「ふるさとづくり'98」掲載
<集団の部>ふるさとづくり振興奨励賞

ハリヨが棲めるきれいな水環境を
滋賀県守山市 浮気自治会
「よびもどそう『水郷の里』浮気」を合言葉に水際花壇と水車の設置、鯉の放流や絶滅の危急種でもある淡水魚ハリヨをテーマに、水環境を考えるフォーラムを開催し美しいまちづくりに取り組んでいるのが「浮気(ふけ)自治会」(代表・西村三右エ門さん)である。


ふるさとづくり計画の実現と成果

 90年、故郷に昔の姿を取り戻したいという住民の声を受けて、同自治会は地区内を流れる里中川を整備し、村中池から伏流水を汲み上げて浮気の清流を蘇らせるとともに、自然と親しみ、心の和む環境づくりを目指した。同時にゲンジボタルが成育できる自然環境の再現にも成功した。
 この事業は県・市からの補助金で行ったものであるが、計画立案から、3か月にわたる作業の全てを住民自らの力で成し遂げた。これは「やりたいことを、楽しく、自分たちの手で」というまちづくりの基本姿勢を浮気に定着させるものとなった。
 また、村中池の水は緊急時の飲料水にできるよう、緊急給水用発電設備も設置し、万が一の備えとしている。


ハリヨフォーラムの開催

 トゲウオ科の淡水魚ハリヨは、生息条件が湧き水のある川や池と限られているため、各地でその生息が危ぶまれている。
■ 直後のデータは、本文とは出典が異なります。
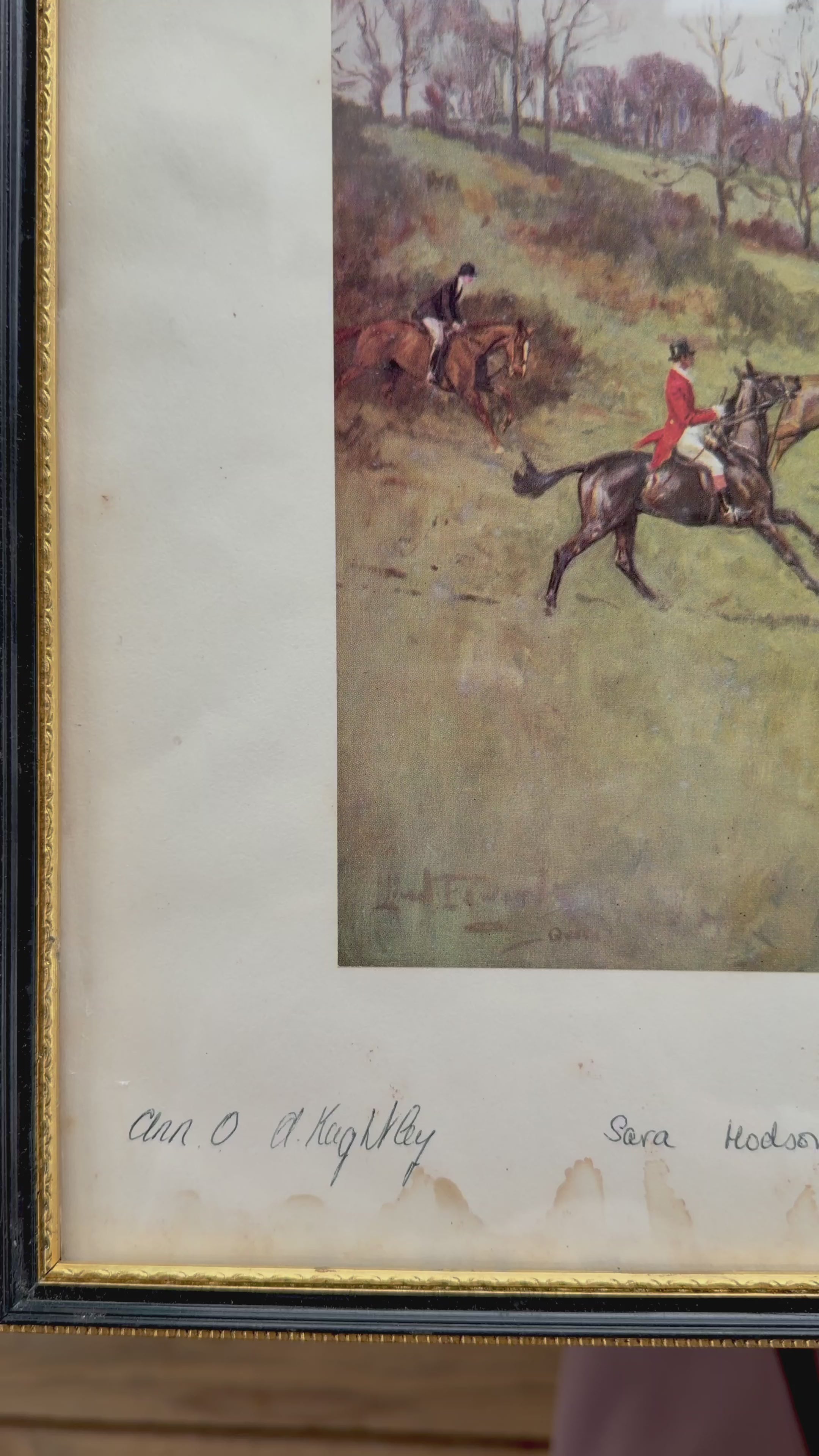 Set of 4 Hunt Scenes Meet to Finish in Single Oak Frame- English
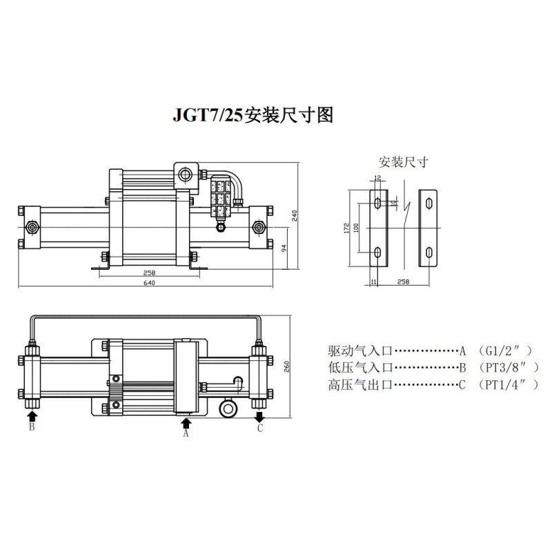 JGT系列為氣體增壓泵,屬于雙頭型雙作用增壓泵,也叫雙頭雙級增壓泵。它是在JG系列的基礎(chǔ)上,增加了一更低壓縮比的高壓腔,主要用于被增壓介質(zhì)初始?xì)鈮狠^低但要求輸出氣體壓力高的場合。
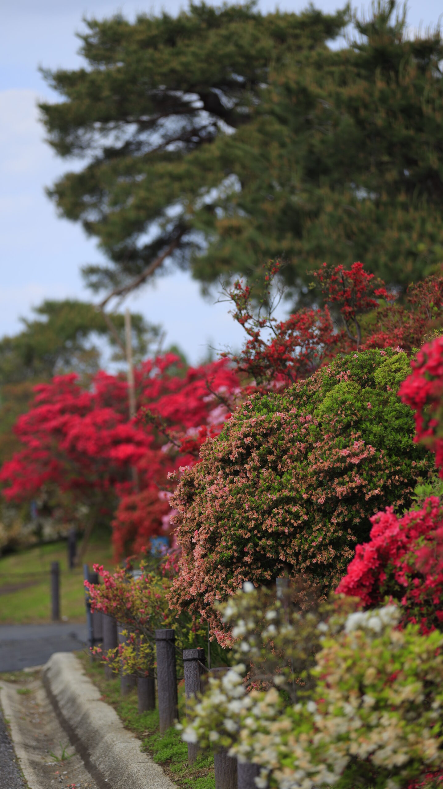 この写真は、つつじが岡公園(舘林)で、咲き誇るつつじを横側から撮影したものです。横から眺めることで、つつじの花が幾重にも重なって咲く様子が伝わり、春のつつじ名所らしい華やかさと奥行きのある風景を感じられる一枚になっています。
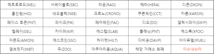 | 엠브릿지(MBT) | 주(ZOO) | 아쿠아리움(AQUA) | 해당 거래소 화폐 | 이슈내놔라 |
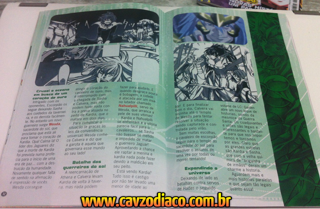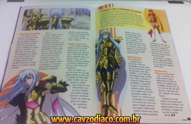 As edições 114 e 115 da revista brasileira Anime Do (uma das mais antigas relacionadas a anime e mangá) trouxeram matérias interessantes sobre as histórias solo (gaidens) dos Cavaleiros de Ouro do Lost Canvas. Veja as imagens:
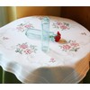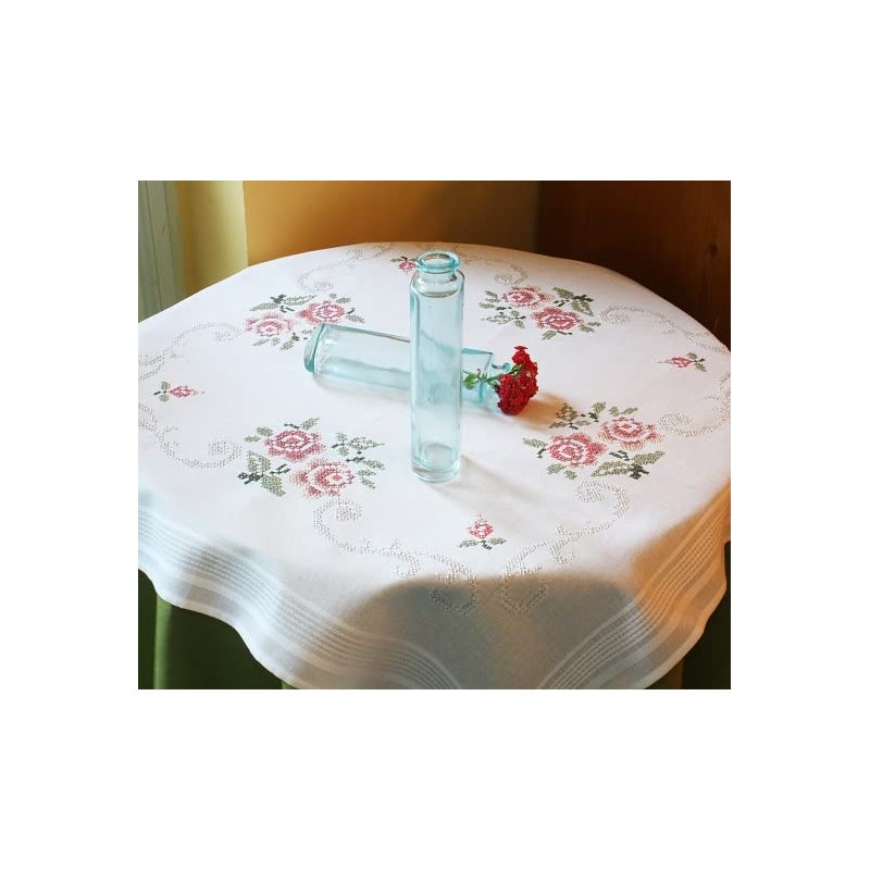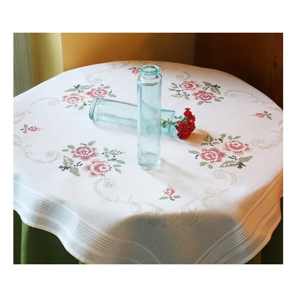 DECO-LINE Pink Rose Printed Tablecloth Embroidery KIT, White, 80 X 80 cm

日本では滋賀県と岐阜県の一部にしか生息していない。同自治会では、里中川の環境整備の後、水量・水温の管理を行い、92年にはかつてハリヨが生息していた状態にまで自然環境を回復させることに成功した。そこで、米原町より雌雄50匹のハリヨを譲り受け放流することになった。今では、群をなすハリヨの姿を見ることができる。
 これが足掛かりとなって95年、「ハリヨの棲める水環境」をテーマとしたパネルディスカッションや「水に学ぼう」と題する作家立松和平氏の記念講演などの「ハリヨフォーラム95浮気」を開催した。参加者からは、「自然環境を考えるきっかけとなった」、「環境保護の重要性がわかった」という声とともに、「一自治会がよくもこれだけの事業をやり遂げた」という賛辞を受けた。
 この成功は、メンバーに大きな自信を与え、さらに「故郷の再現と暮らしやすいまちづくり」を目指した自治会の活動は、まちづくり活動から水環境を通して自然保護を考える活動に焦点が絞られてきた。
 また、フォーラムで訴えた自然環境保護の精神をその場限りのものとしないために、約30名の有志が集い、「浮気ハリヨ保存会」を発足させた。今では、浮気のハリヨ保護活動、ハリヨ保護の先進地域への研修、琵琶湖の浄化に取り組んでいる団体との交流に発展している。